Wednesday, March 04, 2009

J Phys Chem B vol. 113, Issues 8 and 9

31P NMR Investigation of Backbone Dynamics in DNA Binding Sites

Ye Tian, Michael Kayatta§, Katharine Shultis, Alejandro Gonzalez§, Leonard J. Mueller and Mary E. Hatcher*

J. Phys. Chem. B, 2009, 113 (9), pp 2596–2603
DOI: 10.1021/jp711203m
Abstract: The backbone conformation of DNA plays an important role in the indirect readout mechanisms for protein−DNA recognition events. Thus, investigating the backbone dynamics of each step in DNA binding sequences provides useful information necessary for the characterization of these interactions. Here, we use 31P dynamic NMR to characterize the backbone conformation and dynamics in the Dickerson dodecamer, a sequence containing the EcoRI binding site, and confirm solid-state 2H NMR results showing that the C3pG4 and C9pG10 steps experience unique dynamics and that these dynamics are quenched upon cytosine methylation.

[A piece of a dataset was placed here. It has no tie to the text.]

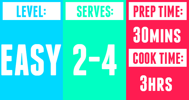 - Cover with 2 layers of foil (or a lid obviously), and transfer to the oven and cook for about two hours, or until the meat is tender.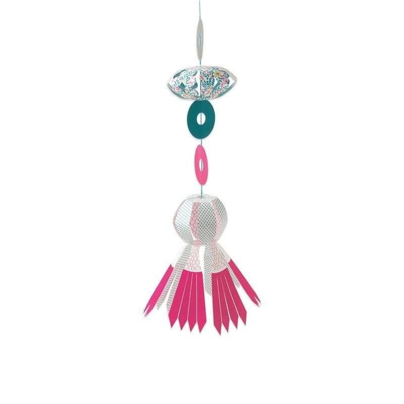 Kreatywny zestaw do wykonania własnoręcznych dekoracji. Składane z kolorowych papierów Girlandy to piękna odmiana origami, z wieloma elementami, które należy złożyć aby utworzyć wiszące zawieszki. W zestawie znajdują się kolorowe, papierowe elementy do złożenia, nić do zawieszenia elementów, taśma do przyklejenia oraz książeczka instruktażowa obrazkowa krok po kroku.

In addition, we show that cytosine methylation affects the conformation and dynamics of neighboring nucleotide steps, but this effect is localized to only near neighbors and base-pairing partners. Last, we have been able to characterize the percent BII in each backbone step and illustrate that the C3pG4 and C9pG10 favor the noncanonical BII conformation, even at low temperatures. Our results demonstrate that 31P dynamic NMR provides a robust and efficient method for characterizing the backbone dynamics in DNA. This allows simple, rapid determination of sequence-dependent dynamical information, providing a useful method for studying trends in protein−DNA recognition events.

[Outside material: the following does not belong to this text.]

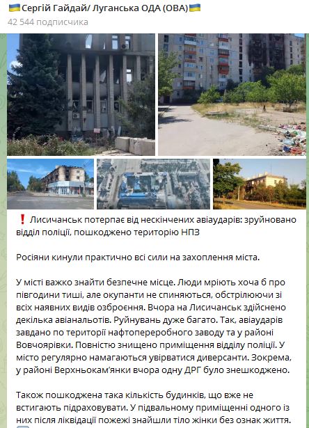 "В городе тяжело найти безопасное место" - сообщает глава ОВА. Вчера на Лисичанск было совершено несколько авианалетов. Разрушений очень много. Авиаудары нанесены по территории нефтеперерабатывающего завода и в районе Волчеярки. Полностью уничтожено помещение отдела полиции. В город регулярно пытаются ворваться диверсанты. В частности, в районе Верхнекаменки вчера одна ДРГ была обезврежена.

Molecular Mechanism for Formation of Polyaniline Lamella from a Lyotropic Liquid Crystal: An NMR Study

Li Shi, Xiaodong Wu*, Lude Lu, Xujie Yang and Xin Wang*
J. Phys. Chem. B, 2009, 113 (9), pp 2725–2733
DOI: 10.1021/jp9002824

Abstract: Polyaniline (PANI) microlamellas with an average interlamellar distance of 2.6 nm were prepared from a nematic lyotropic liquid crystal system composed by sodium dodecyl sulfate (SDS) aqueous solution. To reveal the formation mechanism of these lamellas, a series of NMR studies have been performed. At first, variable-temperature (VT) 13C NMR experiments have suggested that, prior to polymerization, anilines are predominantly located in the vicinity of the SDS polar head region with a limited mobility at low temperature, whereas they become more mobile and penetrate into the SDS hydrophobic domain at elevated temperature. Subsequent in situ 13C NMR measurements at 310 K have indicated that the overall polymerization can be taken place in two stages. In the beginning, the reaction sites are within the SDS micelles, resulting in the formation of oligomeric PANI species with benzenoid and quinoid structures. Interestingly, these oligomeric species fall off from the micellar hydrophobic domains and reorganize into layered structures with the support of SDS. In the second stage, further polymerization can be continued within the interlayers. This paper provides a good example in studying the roles of surfactants at the nucleation stage qualitatively during the synthesis of morphology-specific polymers with the application of NMR techniques, a period difficult to be examined by other approaches currently.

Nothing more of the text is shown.